Please output the section of the listing below that opens with the line containing "Если во вкладке" and closes with the line containing "Ans: Podia has", exactly and with nothing else.

● Extracted data:

◆ ◆ ◆

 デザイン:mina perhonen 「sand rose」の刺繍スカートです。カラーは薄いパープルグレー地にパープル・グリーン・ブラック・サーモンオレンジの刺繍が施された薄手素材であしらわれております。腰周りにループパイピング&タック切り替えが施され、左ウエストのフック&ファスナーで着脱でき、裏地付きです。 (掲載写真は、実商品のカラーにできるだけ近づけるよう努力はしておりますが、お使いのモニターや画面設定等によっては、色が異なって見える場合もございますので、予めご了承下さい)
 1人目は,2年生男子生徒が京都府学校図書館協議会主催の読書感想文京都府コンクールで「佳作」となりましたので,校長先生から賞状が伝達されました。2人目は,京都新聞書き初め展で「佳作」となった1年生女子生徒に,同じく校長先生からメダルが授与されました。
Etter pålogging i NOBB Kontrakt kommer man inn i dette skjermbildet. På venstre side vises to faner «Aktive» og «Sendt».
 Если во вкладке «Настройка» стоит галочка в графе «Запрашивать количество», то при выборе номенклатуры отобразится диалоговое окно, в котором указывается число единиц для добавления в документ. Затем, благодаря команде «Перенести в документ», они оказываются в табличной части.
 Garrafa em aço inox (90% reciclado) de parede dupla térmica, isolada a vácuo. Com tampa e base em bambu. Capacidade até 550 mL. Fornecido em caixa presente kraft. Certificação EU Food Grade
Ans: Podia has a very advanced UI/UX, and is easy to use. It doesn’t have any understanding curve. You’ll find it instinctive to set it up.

◆ ◆ ◆

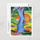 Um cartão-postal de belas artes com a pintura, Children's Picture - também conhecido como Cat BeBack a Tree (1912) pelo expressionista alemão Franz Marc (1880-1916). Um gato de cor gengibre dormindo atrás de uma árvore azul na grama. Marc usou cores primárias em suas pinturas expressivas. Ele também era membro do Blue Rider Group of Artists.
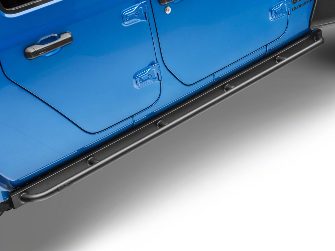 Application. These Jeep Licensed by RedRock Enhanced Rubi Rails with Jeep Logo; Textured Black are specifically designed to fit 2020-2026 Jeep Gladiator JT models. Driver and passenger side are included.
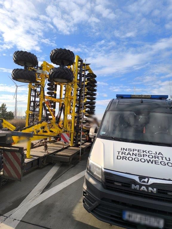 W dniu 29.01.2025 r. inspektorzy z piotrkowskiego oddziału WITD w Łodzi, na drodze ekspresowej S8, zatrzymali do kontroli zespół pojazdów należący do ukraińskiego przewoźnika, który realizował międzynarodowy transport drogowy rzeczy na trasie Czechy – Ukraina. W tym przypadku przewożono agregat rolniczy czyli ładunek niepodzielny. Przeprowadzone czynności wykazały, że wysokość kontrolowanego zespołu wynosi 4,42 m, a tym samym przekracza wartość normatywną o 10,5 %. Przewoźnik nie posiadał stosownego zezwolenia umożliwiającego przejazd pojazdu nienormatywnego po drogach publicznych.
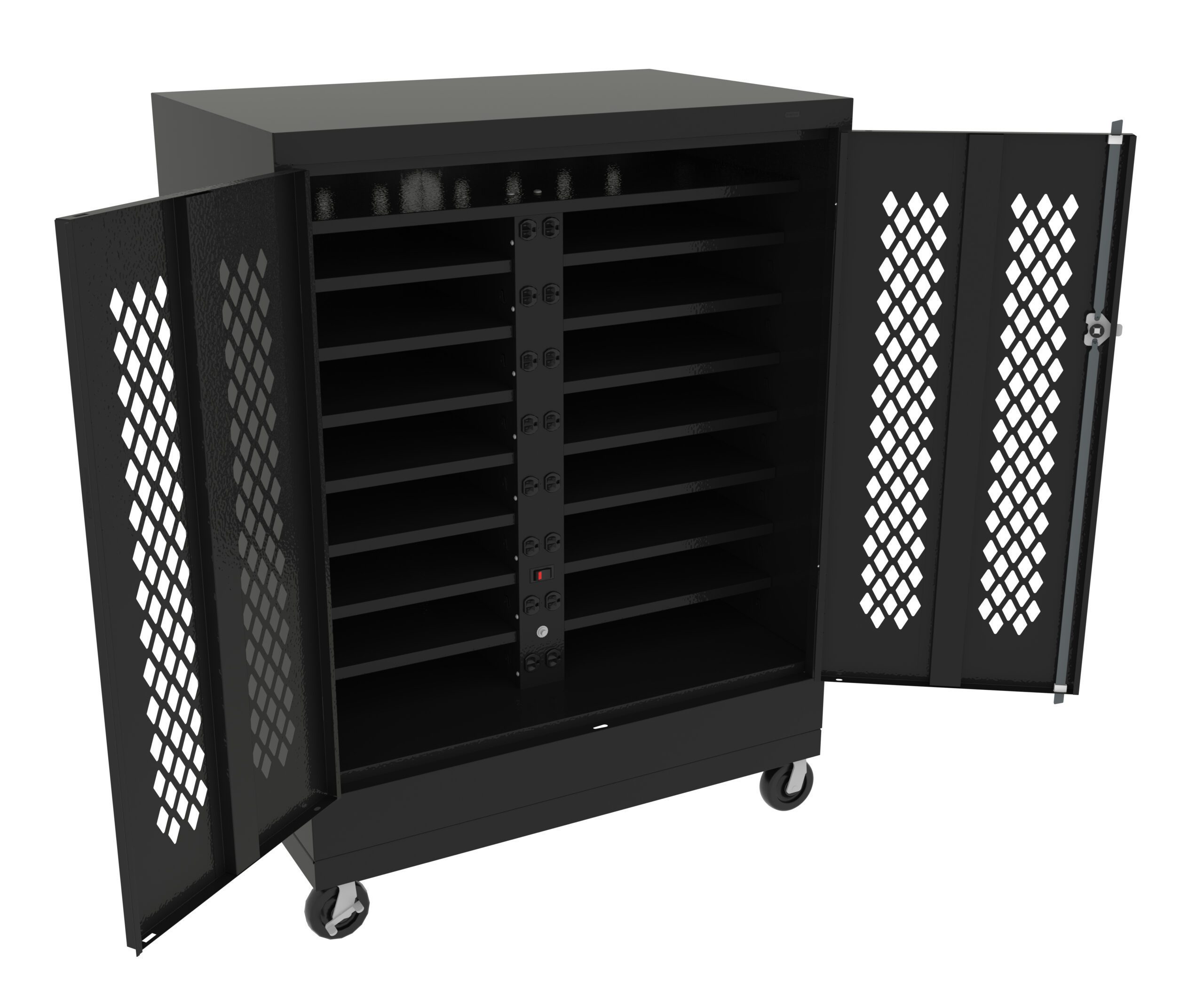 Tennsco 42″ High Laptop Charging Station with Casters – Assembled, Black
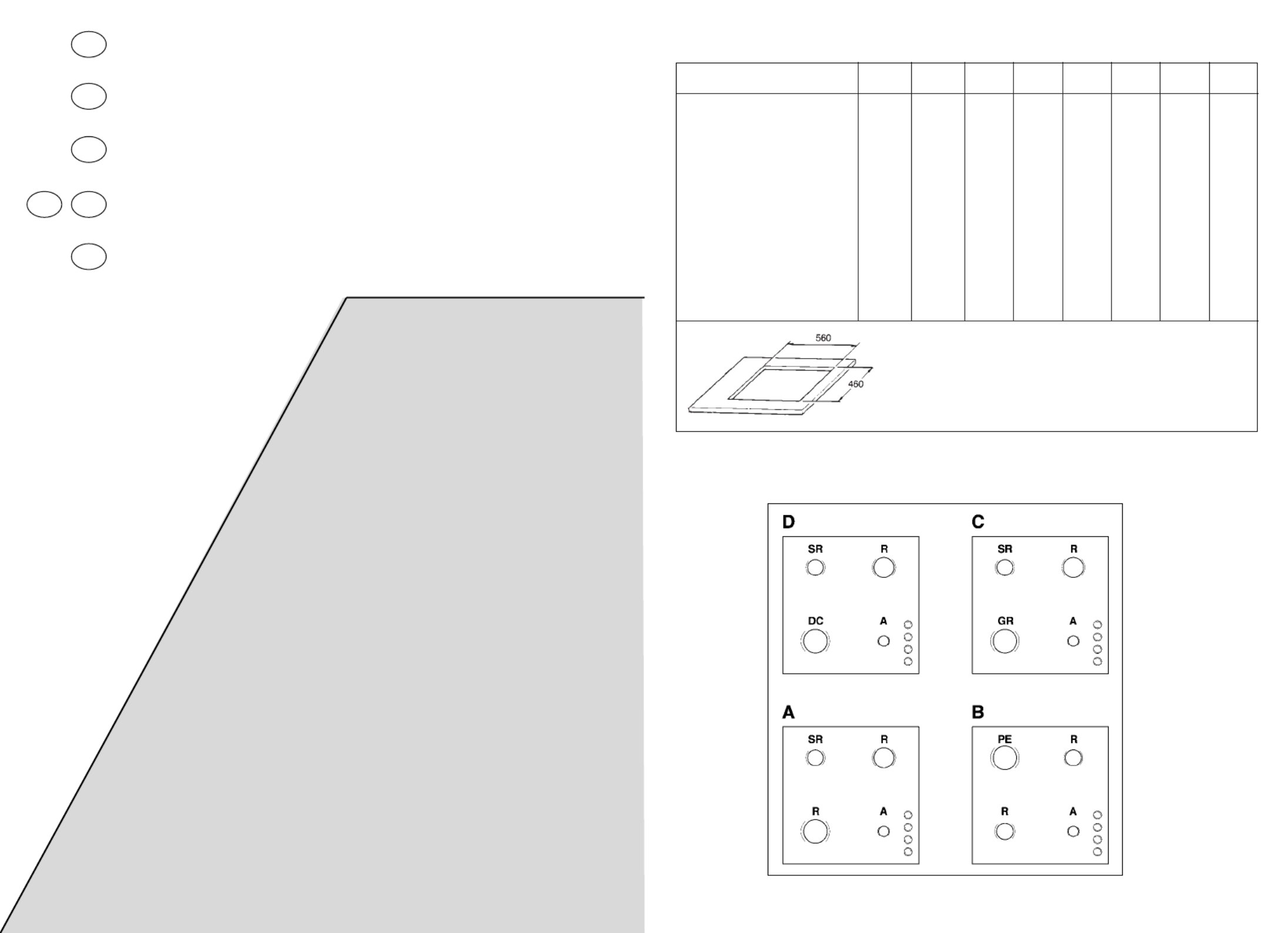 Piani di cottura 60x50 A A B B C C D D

◆ ◆ ◆

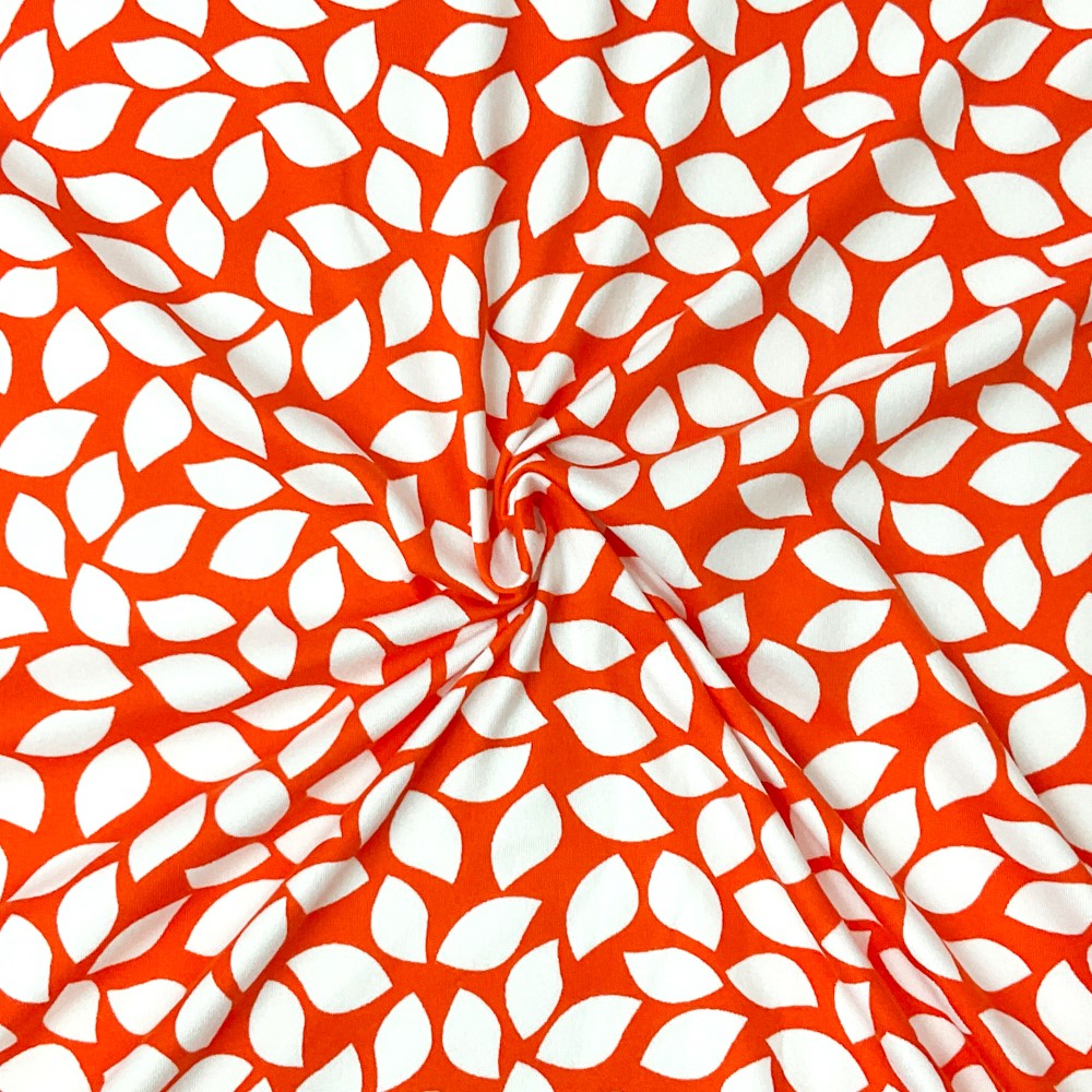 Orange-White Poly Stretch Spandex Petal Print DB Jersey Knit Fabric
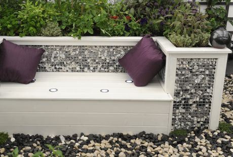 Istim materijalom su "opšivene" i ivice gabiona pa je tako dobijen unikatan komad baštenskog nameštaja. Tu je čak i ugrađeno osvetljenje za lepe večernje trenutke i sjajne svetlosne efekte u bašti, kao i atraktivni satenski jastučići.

◆ ◆ ◆

● Expected answer:
 Если во вкладке «Настройка» стоит галочка в графе «Запрашивать количество», то при выборе номенклатуры отобразится диалоговое окно, в котором указывается число единиц для добавления в документ. Затем, благодаря команде «Перенести в документ», они оказываются в табличной части.
 Garrafa em aço inox (90% reciclado) de parede dupla térmica, isolada a vácuo. Com tampa e base em bambu. Capacidade até 550 mL. Fornecido em caixa presente kraft. Certificação EU Food Grade
Ans: Podia has a very advanced UI/UX, and is easy to use. It doesn’t have any understanding curve. You’ll find it instinctive to set it up.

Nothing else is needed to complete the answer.